# 67 GTO WH 3:55 question



## David18 (Jan 7, 2018)

Evening everybody, I have a 3:55 WH code differential. When I pulled the axles out they slid right out but the exploded diagram I found shows a C clamp retainer for the axle (could have been the wrong diagram). Is the flange plate with the 4 bolts all that holds the axle in? The new axles I bought from Yukon don't appear to be fully seated.

Does this look right?


----------



## PontiacJim (Dec 29, 2012)

C-clips are Chevy axles. Pontiac axles are held in with the retainer/4-bolts. I do not know how far on the axle shaft the bearings get pressed on.

*Pinion head* is the one on this forum who is the expert on rear axle's and rebuilding of them. If he does not chime in shortly, send him a message and he will set you straight to make sure you are using all the correct parts. Looks to me the axles should seat a little deeper into the spider gears.


----------



## David18 (Jan 7, 2018)

The C-clips make sense now, the diagram I was looking at was for a 67 Chevelle. I agree that it looks like the axle should go in a little more into the spider gear, maybe a little love tap is necessary.


----------



## PontiacJim (Dec 29, 2012)

David18 said:


> The C-clips make sense now, the diagram I was looking at was for a 67 Chevelle. I agree that it looks like the axle should go in a little more into the spider gear, maybe a little love tap is necessary.

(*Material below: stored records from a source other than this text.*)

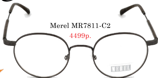
Merel MR7811-C2 4499р.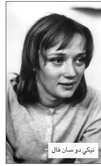
نيكي دو سان فال

■ في دنيا الفن الحديث والواقعية الجديدة، يتفرد المشروع الفني التشكيلية الفرنسية الأمريكية نيكي دو سان فال (1930-2002). مراحلها المختلفة وتوعدت في أعمال الرسم والنحت البارز والمجسم، والتوجهات الفكرية التي أرادت نيكي التعبير عنها، فكل عمل من أعمالها يحتوي على الكثير من الرسائل التي توجهها للعالم، والأفكار التي تعلن عنها، والأفعال التي تتخذها في مواجهة سلطة ما، أو ماض مشحون بالألام والخاوف. يظهر هذا من خلال مجموعة أعمال تندرج تحت تيمة معينة، أو مرحلة تتميز بأسلوب فني مبتكر، استحدثت طرقاً غير معروفة في الفن، وهناك بعض الأعمال المنفردة، التي يعد الواحد منها بمثابة مرحلة فنية كاملة، ومشروع فكري ضخم وفلسفة فنية خاصة، وتصور إنساني شامل يتجوهر فيه معنى الحياة والفن.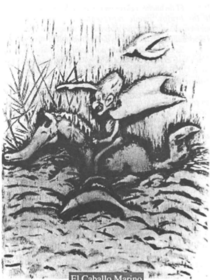
El Caballo Marino

Propiedad Intelectual: N° 39985 / 21 - VI - 72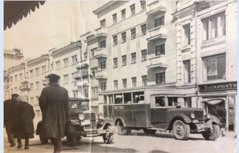
Уфа в годы войны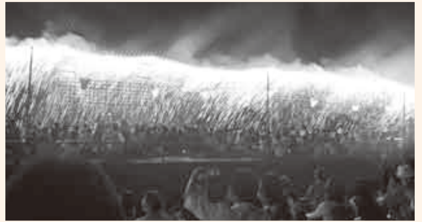
▲ 桟敷席に降り注ぎそうな花火「ナイアガラ」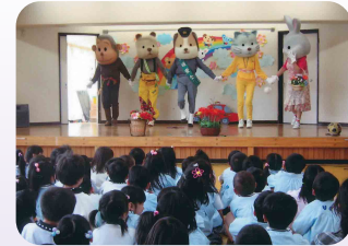
女性部が園児に寸劇で交通安全教室(四日市北地区交通安全協会)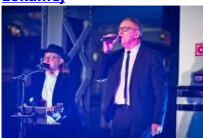
Otwarcie Centrum Usług Społecznościowych i Aktywności Lokalnej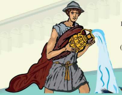
Res. 4: Takvimler mozaiği paneli canlandırması (M. Naif Sönmez)

Roma hakimiyeti sürecinde merkezi yönetimin ağırlık kazanmasıyla meclis binaları asal işlevlerinin yanı sıra mimarisinin uygun olması nedeniyle Odeion olarak adlandırılan müzik salonu işleviyle de kullanılmıştır.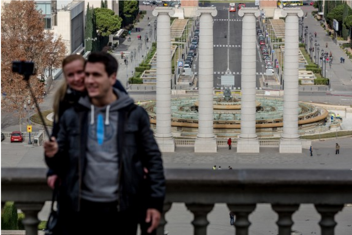
Les Quatre Columnes de Puig i Cadafalch, a Montjuïc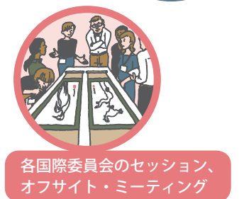
各国国際委員会のセッション、オフサイト・ミーティング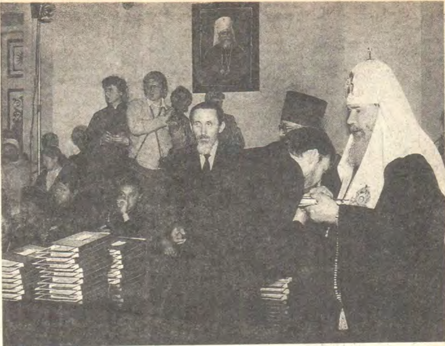
Святейший Патриарх Московский и всея Руси Алексий II вручает дипломы выпускникам ЛДАиС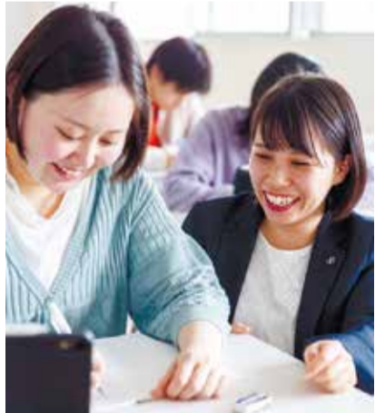
「オンライン+通学」スタイルで、自分のペースで学べるコースもあります。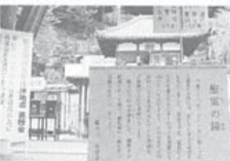
東日本大震災の「慰霊の鐘」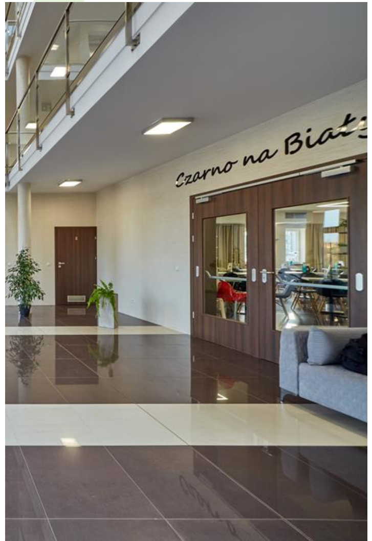
Hotel "Czarno na białym", Kraków

Oprawa przeznaczona do montażu nastropowego, do źródeł LED. Kaseton oprawy wykonany z blachy stalowej, lakierowanej proszkowo. Oprawa rekomendowana do: sal chorych, łazienek komunikacji szpitalnej.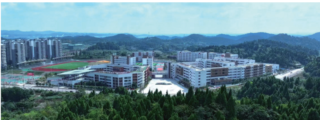
安居中学校园

遂宁市安居区,一个年轻的城区;四川省安居中学,一所年轻的学校。10年前,安居城区无公办高中,乡镇高中办学质量无法满足群众需求,民办学校学费昂贵,老百姓迫切需要一所优质的公办高中。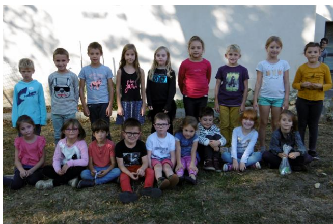
La classe de CP – CE1

Les élèves de l'école de Millery ont fait une belle rentrée le lundi 3 septembre, en musique! Les élèves ont dans un premier temps créé un paysage sonore à partir d'une feuille de papier puis tous ont appris une chanson de circonstance : Sacré Charlemagne!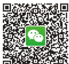
澳科大微信公众号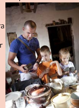
Activités au musée – Musée Eclaté@OT Figeac bureau de Capdenac-Gare

Les activités ludiques du Musée éclaté Programme en famille : suivez le guide et plongez vous dans la vie d'autrefois en pétrissant le pain, en visitant la maison du sémalier et le moulin à huile de noix. Tandis que les parents découvriront un savoir-faire ancestral en visitant la saboterie toute proche, les enfants joueront à des jeux d'autrefois. Un goûter sera ensuite offert aux enfants ! Participation pour le pâton : 1 € - Les enfants repartiront avec leur fabrication. Sur inscription à l'O.T. Où : Place de la Tour Quand : dimanche à 14 h. Durée 2 heures Contact : 05 65 64 74 87 GPS : 44°40'49.11"N - 1°59'47.02"E Gratuit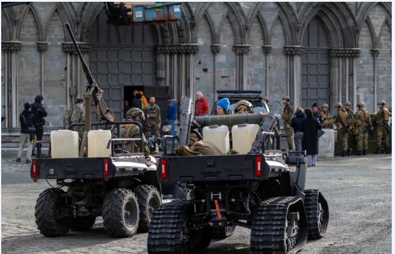
Fra innspilling av filmen «Troll 2» i Trondheim. Filmen produseres av Motion Blur for Netflix.

Dette er en omsetningsøkning på 96% fra konsolideringen av fondene i 2016. 42% for film og 332% for spill. Halvparten av selskapene både innenfor film og spill kan vise til positivt årsresultat. Filminvest har i perioden 2016-2024 bidratt i 79 realiserte prosjekter med et estimert forbruk i regionen på ca. 800 millioner.

Nope, love tap won't do it. As I recall, there should be a retaining ring behind the axle bearing that holds the bearing in place? The depth of the bearing on the axle is what will determine how deep it sets in the spider gear. You want it fully engaged or you might twist the splines.

The axle stick-out has to be correct or the drum will stick out too far and not sit correctly in relationship to the brake shoes.

Not an expert on this as I simply bring in my old axle and let the shop press off the old one and press on the new one using the old axle as the template in how far the new bearing sets down on the axle. So yours may be correct, but I would get *Pinion head*'s advice before buttoning it all together.


----------



## David18 (Jan 7, 2018)

I did bring the old axle with the new one to a shop I trust, so I assume that the bearings are in the correct spot....hopefully.


----------



## PontiacJim (Dec 29, 2012)

David18 said:


> I did bring the old axle with the new one to a shop I trust, so I assume that the bearings are in the correct spot....hopefully.


OK, just sayin' so you don't run into problems. :thumbsup:


----------



## David18 (Jan 7, 2018)

So measuring a few things, the surface that the bearing is sitting in is about 0.52 inches deep while the new bearing is 0.65 inches thick. So now I'm wondering if I have the right bearing.


----------



## David18 (Jan 7, 2018)

Well, according to National wheel bearing, i have the right one, should be 0.66 in width and 2.75 in diameter. 

So back to my original problem, I don't know why the bearing sticks out so far.


----------



## GTOJUNIOR (Aug 7, 2011)

Is the brake backing plate accounted for in this?


----------



## David18 (Jan 7, 2018)

GTOJUNIOR said:


> Is the brake backing plate accounted for in this?




I feel like such an idiot right now, I completely forgot about the backing plate.


----------